Hicks streichelte durch Astrids Haare. ,,Ich weiß, es war nur eine Stunde. Aber ich hab solche Panik gehabt. Und ich hab dich so sehr vermisst." Astrid küsste ihn auf die Wange. ,,Schon gut. Es klingt zwar so, als wäre ich ein Jahr weg gewesen, aber wer weiß, wie ich mich an deiner Stelle gefühlt hätte. Jetzt bin ich ja hier." Hicks löste sich aus der Umarmung. ,,Warum bist du eigentlich hier?" Grobian kam zu Wort: ,,Stimmt. Wieso eigentlich hat es jetzt doch funktioniert. Fischbein überlegte fieberhaft. ,,Mal sehen...Die Küsse scheinen ja nichts gebracht zu haben. Nachdem Hicks sein Liebesgeständnis gehalten hatte, ist Astrid wieder zurückgekommen." Hicks blickte von Fischbein ins Leere. ,,Nur wahre Liebe kann versteinerte Liebe besiegen." Er hielt kurz inne. Dann: ,,Wir sind solche Idioten!
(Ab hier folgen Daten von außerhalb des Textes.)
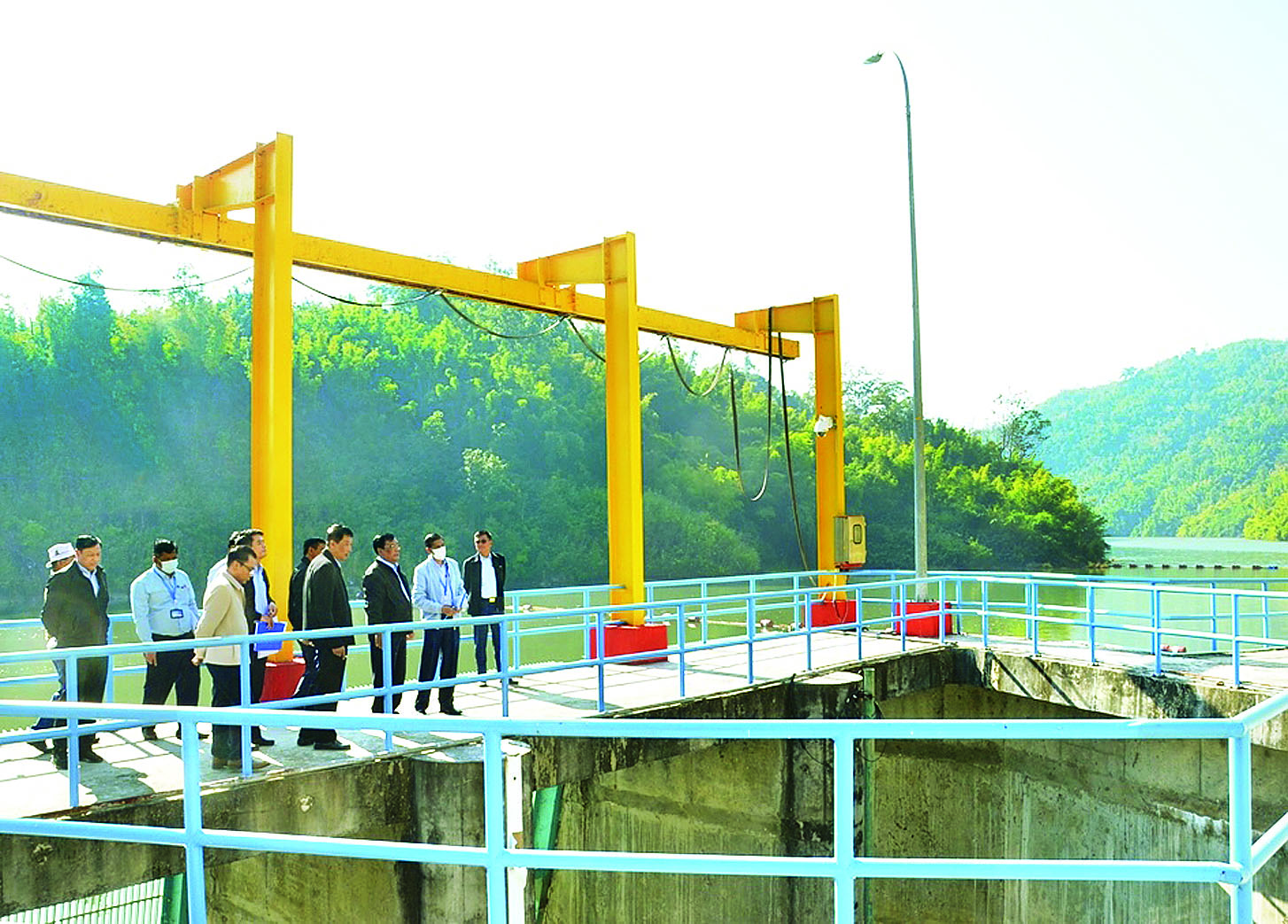 ဆက်လက်၍ ပြည်ထောင်စုဝန်ကြီးနှင့်အဖွဲ့သည် ရေထိန်းကန်သို့ရောက်ရှိပြီး ရေထိန်းကန် အတွင်း ရေသိုလှောင်ထားမှုအခြေအနေ၊ ဓာတ်အားပေးစက်ရုံသို့ ဖိအားမြင့်သံမဏိပိုက်လိုင်းဖြင့် ရေပို့လွှတ်မှုနှင့် ရေအားအဆောက်အအုံများ၏ ကြံ့ခိုင်မှုတို့ကို ကြည့်ရှုစစ်ဆေးရာ တာဝန်ရှိသူများက ရှင်းလင်းတင်ပြသည်။ အဆိုပါရေထိန်းကန်သည် ရေဂါလန် ပေါင်း ၂၆ သိန်းခန့် သိုလှောင်နိုင်ပြီး အချင်း ၁၃ ပေ၊ အလျား ၈၇၆ ပေရှိ ဖိအားမြင့်သံမဏိပိုက်လိုင်းဖြင့် ဓာတ်အားပေးစက်ရုံသို့ ပို့လွှတ်ပေးလျက်ရှိသည်။

Wir haben gleich angenommen, dass ich meine Liebe mit einem Kuss beweisen muss. Wir haben gar nicht an etwas anderes gedacht. In Wahrheit muss man seine Liebe anscheinend einfach aussprechen und sich wirklich sicher sein, dass das wahre Liebe ist. Oh, Mann..." Er schlug sich auf die Stirn. Rotzbakke sagte: ,,Jetzt fühl ich mich ziemlich dumm." ,,Ja.", bestätigte Fischbein. ,,Ähm...Was? Könntet ihr mir bitte mal erklären, über was ihr hier redet?", fragte Astrid und zog ihre Augenbrauen hoch. ,,Hm?" Hicks wandte sich wieder ihr zu. ,,Ich dachte, du hast uns gehört." ,,Nein. Erst gegen Ende. Als du mitten in deiner Rede warst. Wo ich praktisch beim ,,Auftauen" war." ,,Oh." Hicks schwieg kurz. Dann auf einmal umarmte er sie wieder. Verwirrt legte Astrid ihre Arme um ihn. ,,Ich werde dir nachher alles erzählen. Aber für's erste musst du nur eines wissen." ,,Was denn?" Hicks kuschelte sein Gesicht noch mehr an Astrids Haare und lächelte. ,,Das zwischen uns ist wahre Liebe. Wir werden für immer und ewig zusammen sein."